Cuando todo es nada cualquier cosa se convierte en algo, un algo pasajero y pleno, no obstante, en ese momento en el que esas cosas cualesquiera son todo cuanto uno tiene o, espejismos racionales, cree tener. Vacío o lleno. Se sabe que es vacío y se llena con la nada que hace de todo. La culpa, a veces, el pesar, la contemplación del fallo propio no hacen más que renombrar ese vacío, tan lleno de banalidades y fuegos fatuos. Lleno al fin y al cabo, más al cabo que al fin, el fin es el presente eterno que, desgraciadamente, no llena, aunque lo parezca, y funciona a ratos. ¿Qué falta? ¿Qué era que ya no será? ¿Cuál es ese hueco maldito de cada uno? ¿Por qué cuesta tanto ponerle nombre?

miércoles, 5 de junio de 2019

BAJAMAR


Recuerdo las casetas de la playa. Las recuerdo esos días o esos ratos en los que en pleno sopor anímico una sombra fresca la alivia a una tanto como aquellos años. Sin horarios ni prisas, sin nombre siquiera. La niña. La niña se quemaba a posta los pies con la arena sólo por sentir luego el reconfortante frío del hueco sombrío entre dos casetas. Como ahora. Recuerdo los platos de plástico y su sonido sobre el hule en aquella mesa de bisagras mohosas, el rechinar de los minúsculos granos por el mantel y en la boca, la gaseosa casi caliente y el olor a sandía. Los recuerdo con la felicidad amarga del limón de la paella. La bajamar inmensa, interminable, luciendo a lo lejos como mostrando el mundo, el que aún no llegaba, ni llega. Recuerdo la marca de la vacuna en su brazo, grande como el sol aunque no tan redonda, y el tacto, su tacto de luz y sombra. Las casetas de playa, sus rayas blancas, sus rayas verdes, y azules y rojas. El silencio pactado de la siesta, la comunión de todos estando alejados, cada uno en su montículo, su hamaca, sus anhelos de sobremesa. El carro de los helados que pone boca abajo los cartones de bingo. Siempre de nieve y de fresa. Recuerdo las casetas de la playa. Las recuerdo cuando sigo allí y cuando vuelvo, cada poco y cuando muero. Aquellas colmenas con fondo de salitre, familias enteras. Familias. ¿Familia? La sombra de las casetas, tan lejos.

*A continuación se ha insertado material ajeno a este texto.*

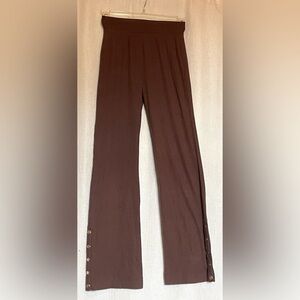 Chocolate brown. Ribbed. Elastic waist. Five snaps on outside of either leg. Am be worn open or closed. Crazy soft. Perfect for chilly weather. Previously loved (some pilling inner thighs) but lots of love left to give!
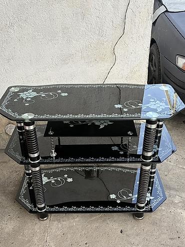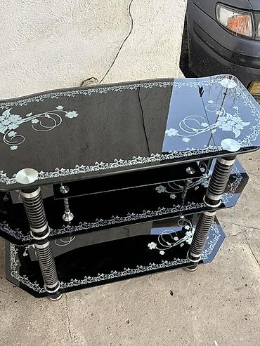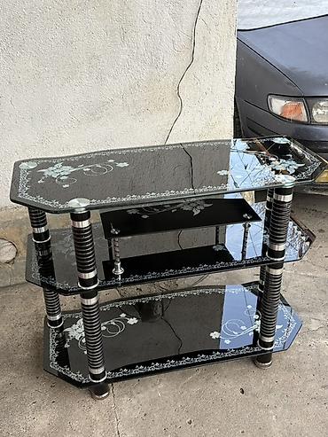- Материалы: закаленное стекло; опоры из металла с декоративными хромированными вставками.
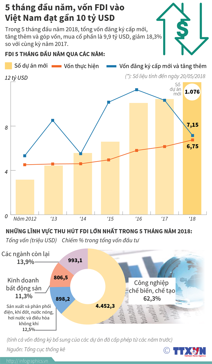 Theo TTXVN Tin liên quan Dự thảo Chiến lược và Định hướng chiến lược thu hút FDI 2018 - 2030: Đón xu hướng để không bỏ lỡ cơ hội đầu tư mới 11/04/2018 11:39 Những lĩnh vực thu hút FDI nhiều nhất 4 tháng đầu năm 28/04/2018 11:46 Chọn lĩnh vực để nói “không” và “có” khi thu hút FDI 16/04/2018 11:07 Trảm một loạt dự án FDI “đi đâu không rõ” 18/05/2018 10:12 Từ khóa infographic infographics infographic kinh tế FDI Thu hút FDI Thu hút vốn FDI đầu tư nhà đầu tư nước ngoài kinh tế - xã hội của Việt Nam
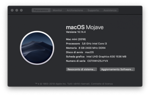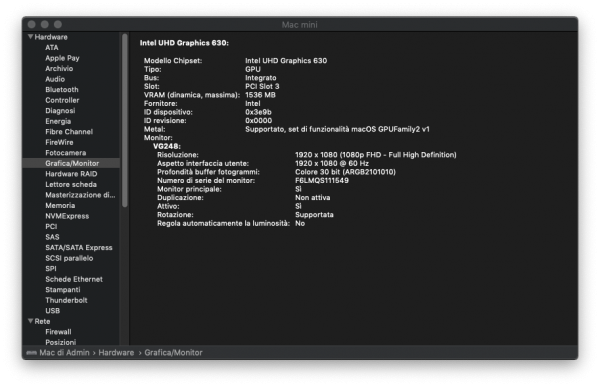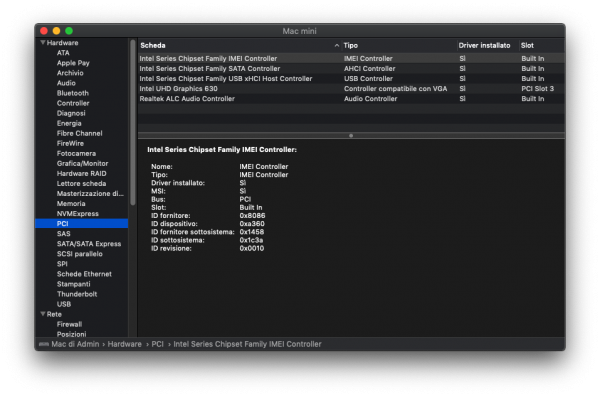 Ha funzionato sono in DVI :) Ha scritto dopo 22 minuti 56 secondi: Ripristinato le @gengk84 PCI sempre tutto OK: - Ultimo config usato: Ci fosse NVRam nativa sarebbe Perfetta, STOP sempre perfetto... Ha scritto dopo 9 minuti 35 secondi: In HDMI ieri OpenGL mi dava 40, ma sappiamo che cine è molto dipendente da come gestisce i moltiplicatori del risparmio... - PM - config_MacMini_8.1_3.plist.zip

miércoles, 22 de mayo de 2019

SOLOS


Hay siempre una primera vez, una sola que es la primera, una que bien puede recordarse hasta expirar o pasar desapercibida como si nunca empezara. Jamás se está preparado, aunque sí lo parezca, y nunca se le abre los brazos o se le tiende la mano; ni siquiera se le espera o se presiente, únicamente llega. Las siguientes visitas escuecen menos, o más, no sigue patrón aun siguiéndolo y no fortalece de la manera que luego es relatada, nos hace mentir, por tanto. Aparece en medio del dolor más tosco, entre la angustia primigenia y los temores más antiguos de la especie humana; llega en la infancia, en la adolescencia y con trote escandaloso en la edad adulta. Pisa, aplasta, sella con lacre frío y compacto nuestros labios dejándonos hablar y chillar por dentro, sumiéndonos en los ecos de nuestros alaridos. Una tinaja sin boca. Llega en cualquier momento, violenta maza, la certeza de saberse solo, la vez primera y el resto de todas ellas.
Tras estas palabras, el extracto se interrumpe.